I've bought another Kato (SD80 NS) and will install a Tsunami in it like I did with the two other Kato's I have.Thanks for your reply,I appreciate.


----------



## gc53dfgc

Well if you do decide to make it a hardwired engine then take the sound decoder out of it when you solder the main engine leads to the pickups and mail the decoder to me. 

If you still can't get the shell off (normally held in by plastic clips or a screw or two, you could send it my way and I will get the shell off and hardwire it.


----------



## Sasha

*Slow progress.*

That's very tempting! :laugh:

I finally got my GE U50... the collection is complete now (until the Alco C855 and maybe the Big Blows are released in plastic).

Now I need to finally pick a place to put this layout I'm planning.

I'd still like to figure out how to get the shell off this AC6000. In fact, I still have to detail my KATO GM SD90MAC. The pieces are so small!

Arrgh...


----------



## norgale

I had a VW motor one time. It was in a VW. MMMMMMM.


----------



## Sasha

*Huh?*

And so...?


----------



## gc53dfgc

norgale said:


> I had a VW motor one time. It was in a VW. MMMMMMM.

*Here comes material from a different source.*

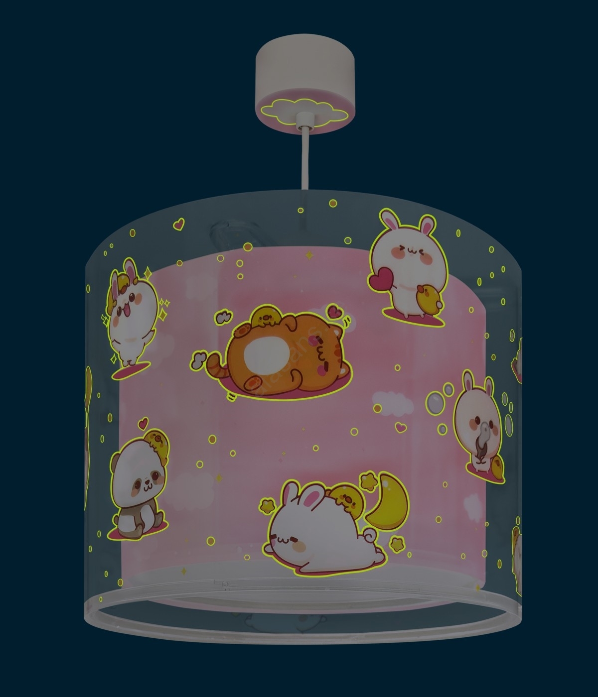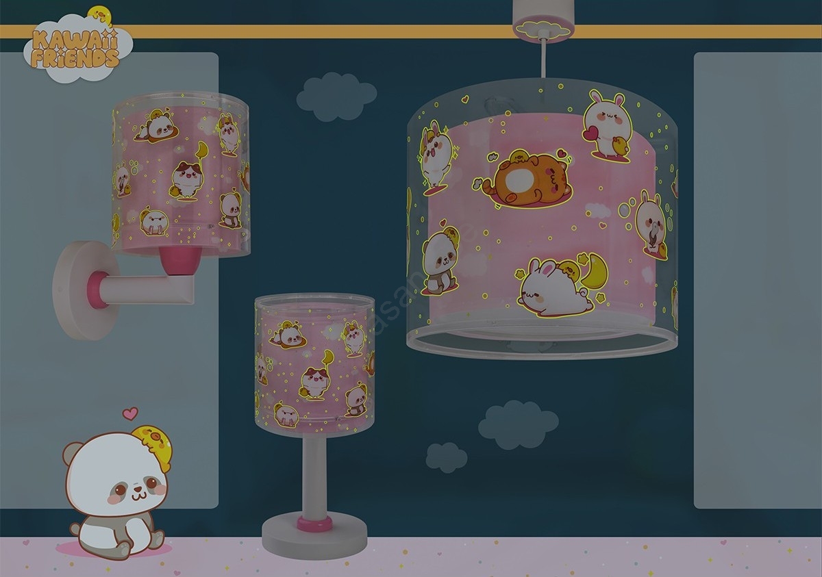 Dalber 41762S - Taklampa för barn KAWAII FRIENDS 1xE27/15W/230V rosa kännetecknar snygg och funktionell design. En glödlampa med E27 lock är lämplig för lampan. Här kan du köpa andra glödlampor till förmånliga priser. Du kommer att få ett intressant tillägg till ditt hem.

Shhhhhh, I could get a decoder out of this.:laugh:
But if you do actually decide to do that I would be willing to, at least that way the decoder is not destroyed.


----------



## Cab1

I have a BLI AC6000 with DCC and QSI sound. It's an excellent loco. It's the first diesel I ever owned. I'm a steam guy, but when I saw that thing rolling down the track on a Youtube video I had to have one. It was the sound that got me. Anyhow, this loco has a "start up" and "shut down" routine that's prototypical, it mimics the real thing - at least when run in DCC. I think it's built onto the decoder because I just can't throttle up and go screaming down the track. I have to go through the "start up" routine first. When the loco begins to move, it starts out very slowly. Again, this is prototypical. It doesn't really move very fast either. It has a very low ballsy powerful feel to it - like the real thing. I love it - but that's DCC. In your case you want plain old DC. I think to get it to work the way you want to you need to remove the decoder and replace it with one of those plugs that "DCC ready" locos come with. Even then I'm not sure it will run the same way all your other DC locos run because of the way it's geared.


----------



## Sasha

*HUGE success!*

I finally got the hood off the AC6000. I hard-wired the motor leads to the leads that come from the pickups and the rails. To my surprise, though - only the LEDs came on. The motor would not run. So I tried just wiring the leads together - disconnected from the decoder board. The motor ran just like I wanted it to. So... something on the board keeps the motor from getting voltage. There's way too much circuitry on that little board for me to ever figure it out. What to do?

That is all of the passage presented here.